It's important to realise that something like this is crippling for
machines with significant numbers of CPUs, because of Amdahl's law.
If the Lisp needs to spend a proportion g (g < 1) of its time in GC,
and if this is a serial activity, then the best speedup (over a single
CPU) you will ever get is 1/g, no many how many processors you throw
at it.
Of course, most of the uses for Lisp on multiprocessors are probably
not trying to speed up some single computation, but to run lots of
server threads for instance, but the same thing applies -- if the GC
(or other components of the system) are serial, you will never see the
benefit of really big multiprocessors. This is particularly toxic for
serial GC, because for a server-type application, almost all of the
rest of the work done may be completely scalable.
Does anyone know if Java VMs have multiprocessor GCs? What about
typical C malloc/free based apps? Any naive malloc/free will be
serial, for sure.
My impression (based on knowing some people who do big multiprocessor
applications) is that (despite the fact that `everyone knows' that you
can do multiprocessor stuff in C so you should be able to do it in
Lisp), it is extraordinarily hard to get things to scale to machines
with more than a few processors, and also reasonably non-portable to
do so. *If* you have the resource (or the specific right people I
suspect) to throw at the problem though, and you can find a problem
people want solved, you can win, because the people who need those
problems solved are willing to pay really serious money to have them
solved. I suspect in fact that there are really only a tiny number of
really scalable systems out there -- it just happens that one of them
is Oracle, which solves a problem on big machines that many people
want solved and are willing to pay very big money for.
--tim
From: Kaelin Colclasure
Subject: Re: Threading [was Re: &optional and &key in Scheme [was: Re: LISP for embedded systems ]]
Date:
Message-ID: <1qGR3.13$%D.4767@newsin1.ispchannel.com>
Tim Bradshaw <···@tfeb.org> wrote in message
·······················@lostwithiel.tfeb.org...
> * Roger Corman wrote:
> > The collector has to stop all
> > other threads when it runs, however.
>
> It's important to realise that something like this is crippling for
> machines with significant numbers of CPUs, because of Amdahl's law.

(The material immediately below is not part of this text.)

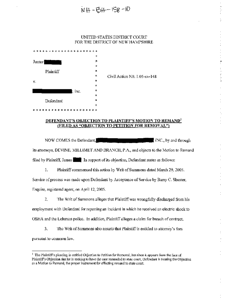 Get the free A10 Defendant's Objection to Plaintiff's Motion to Remand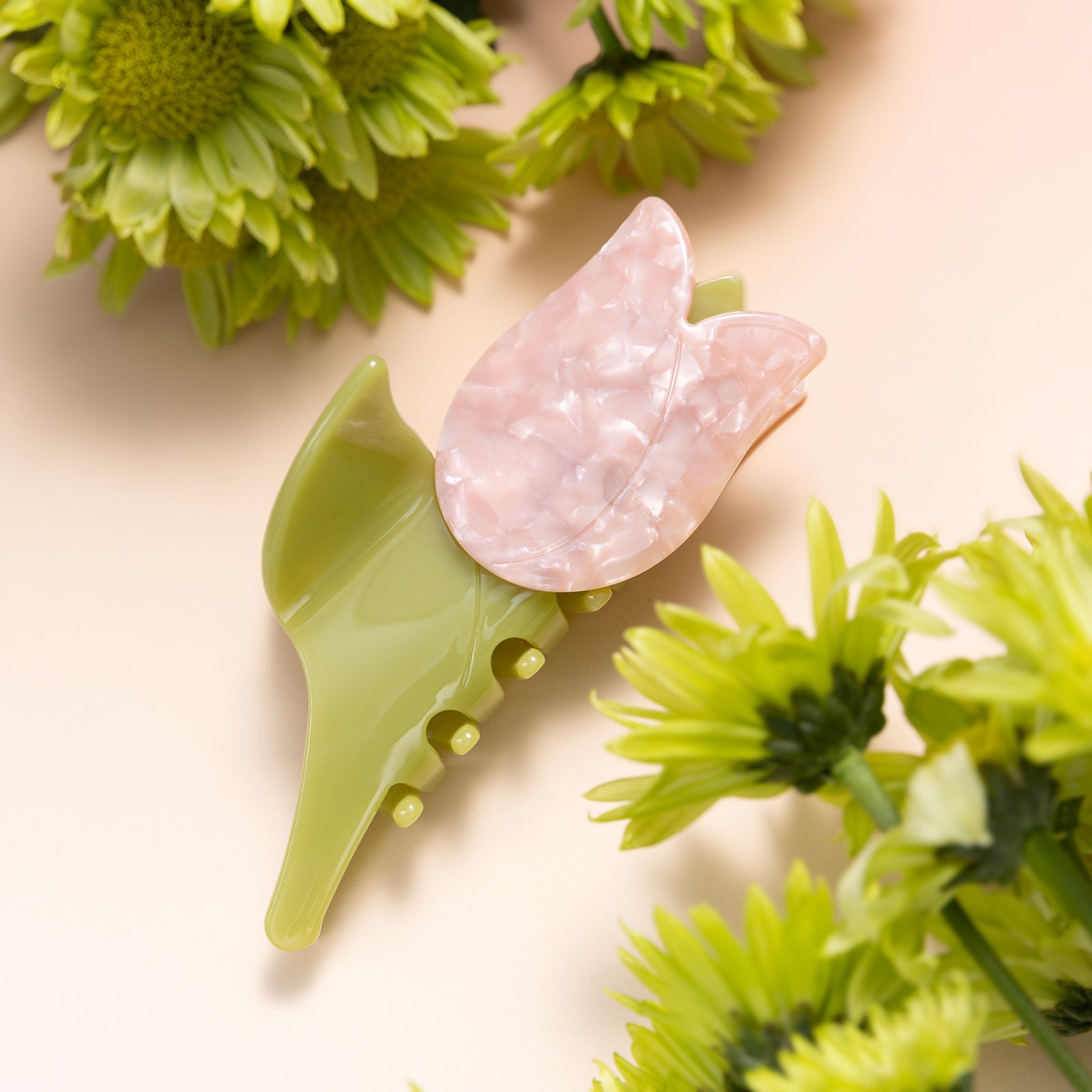 The Tulip Claw Clips feature a beautiful, nature-inspired design, bringing the elegance of tulip flowers to your hair. Made from high-quality acetate, these clips offer a secure grip, making them ideal as claw clips for thick hair. The cute tulip design adds a touch of floral charm to any look, perfect for summer days or special occasions. These hair accessories combine functionality with style, ensuring your hair stays in place while adding a delicate floral accent. A thoughtful gift for women, these clips bring a refreshing, nature-inspired touch to any jewelry collection.

> If the Lisp needs to spend a proportion g (g < 1) of its time in GC,
> and if this is a serial activity, then the best speedup (over a single
> CPU) you will ever get is 1/g, no many how many processors you throw
> at it.
>
> Of course, most of the uses for Lisp on multiprocessors are probably
> not trying to speed up some single computation, but to run lots of
> server threads for instance, but the same thing applies -- if the GC
> (or other components of the system) are serial, you will never see the
> benefit of really big multiprocessors. This is particularly toxic for
> serial GC, because for a server-type application, almost all of the
> rest of the work done may be completely scalable.
>
> Does anyone know if Java VMs have multiprocessor GCs? What about
> typical C malloc/free based apps? Any naive malloc/free will be
> serial, for sure.
It's my understanding that Java's GC runs as a low-priority thread,
and that a hook is provided to explicitly do GC from a foreground
thread. I've definately seen Java apps that always have ready threads
experience resource (memory) problems because GC was never running.
All "stock" thread-safe C allocators use a mutex to protect the head
data structures from corruption. And hey, "this is crippling for
machines with significant numbers of CPUs" too. But this is what the
majority of applications written for such machines use today.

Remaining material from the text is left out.